The dead can tell tales about the living. Charles Dickens brought to light many an unsavoury truth about human nature with his Christmas spirits. The authorities, too, cannot do without a friendly ghost or two. Take the case of the powers that be of Gwalior’s Gajra Raja Medical College. A group of RTI activists examining alleged irregularities in the MBBS admission process were recently informed by the authorities that a ghost was haunting the room where documents related to the matter are kept. Could this be a dead end for the pursuit of truth in this case? This is not the first time that ghosts have come to the rescue of errant public servants. A few years ago, there were reports of law-keepers refusing to work in a police station in Jharkhand after 11 pm; wrathful spooks, apparently, were responsible for cutting down their duty hours. Bengali babus — not the bravest of souls — have been known to turn down night shifts at Writers’ Building, which is believed to be a citadel of the dead.

Of course, such news is staple for mirth. But what gets lost amidst all the laughter is the ingenuity of institutions to resist demands for accountability and, in turn, adherence to the democratic ethos. For the dearly departed are not the ones standing in the way of transparency; it is the living that pose a far greater threat to veracity. Be it official data on the army of unemployed or rising poverty or the shocking death toll claimed by a virus that fattened itself equally on public complacency as well as on the ineptitude of the Central government, any fact that shows the ruling regime in poor light is spirited away from the public eye. The institutional burial of truth has also been accompanied by the exhumation of untruth. The prime minister denies incursions into Indian territory by China even though ground realities suggest otherwise; the slaying of India’s economy, especially its nebulous informal sector, at the hands of the spectre of demonetization is couched in the rhetoric of purging corruption; allegations of the weakening of key edifices that are the sentinels of an inclusive democracy are, similarly, denied. Unsurprisingly, India performed exceptionally poorly in Transparency International’s assessment in 2020, scoring just 40 out of 100.

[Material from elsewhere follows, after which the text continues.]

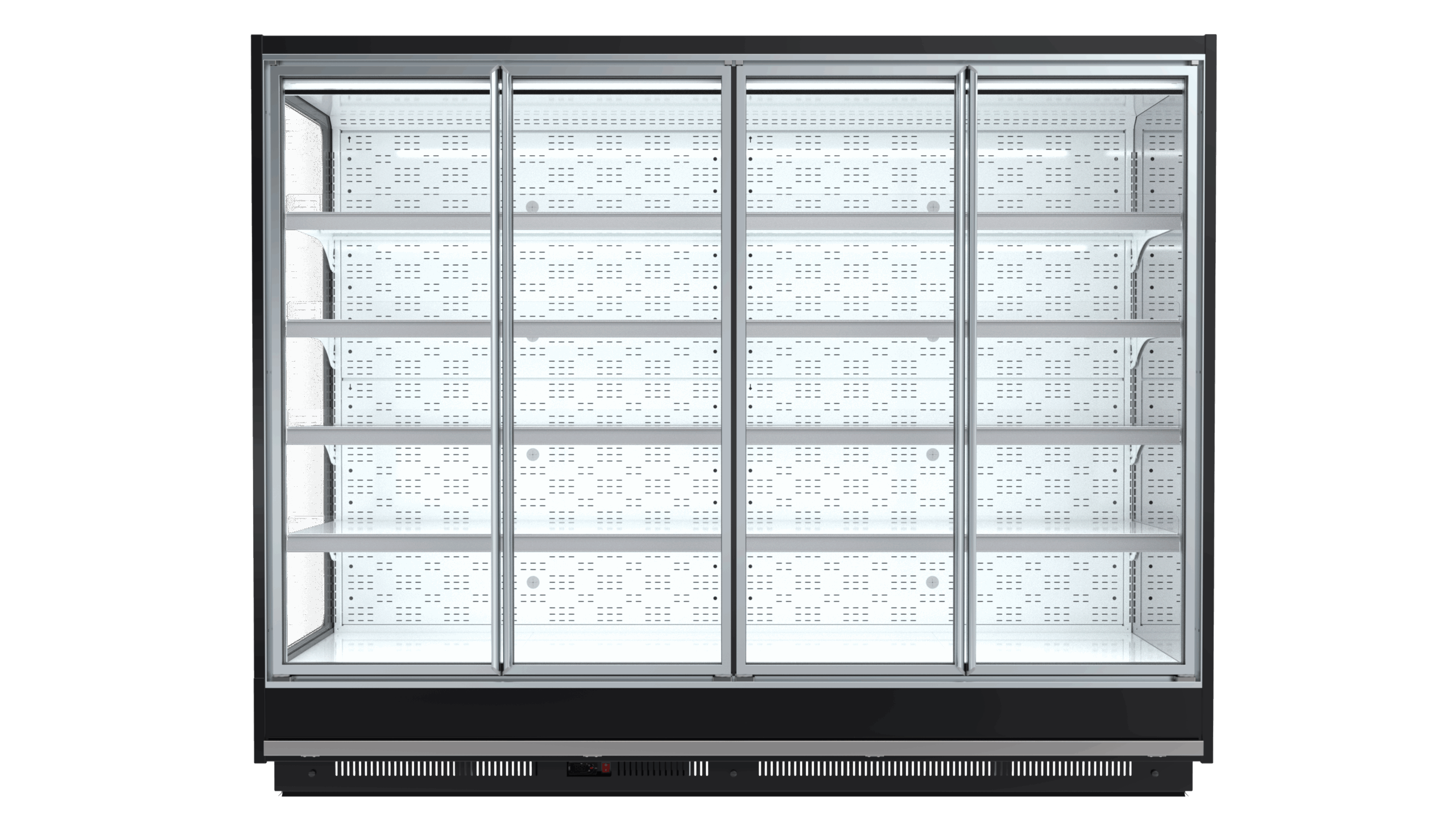 Răcitoarele de perete TAIGA sunt dotate standard cu iluminare LED internă, ventilatoare interne (de înaltă eficiență) pentru o circulație optimă a aerului, dezghețare electronică, comenzi digitale cu afișaj LED luminos și rafturi reglabile și rabatabile.

The assault on the Right to Information Act needs to be read in this context. An amendment to the legislation has empowered the government to set the service conditions, including salaries, of information commissioners, effectively eroding their autonomy. Critical positions in the RTI hierarchy are allowed to lie vacant while attacks on and deaths of RTI activists remain unaddressed. What is particularly ironic about these transgressions is that this democracy has had a valorous tradition of independent agencies collating facts to resurrect ghosts from the past — independent investigations into the riots in Bombay after the demolition of the Babri Masjid made a significant contribution to prosecution and conviction. There is thus an urgent case to bolster independent fact-finding enterprises in order to reintroduce a degree of accountability in public life. Otherwise, truth will not have a ghost of a chance of survival.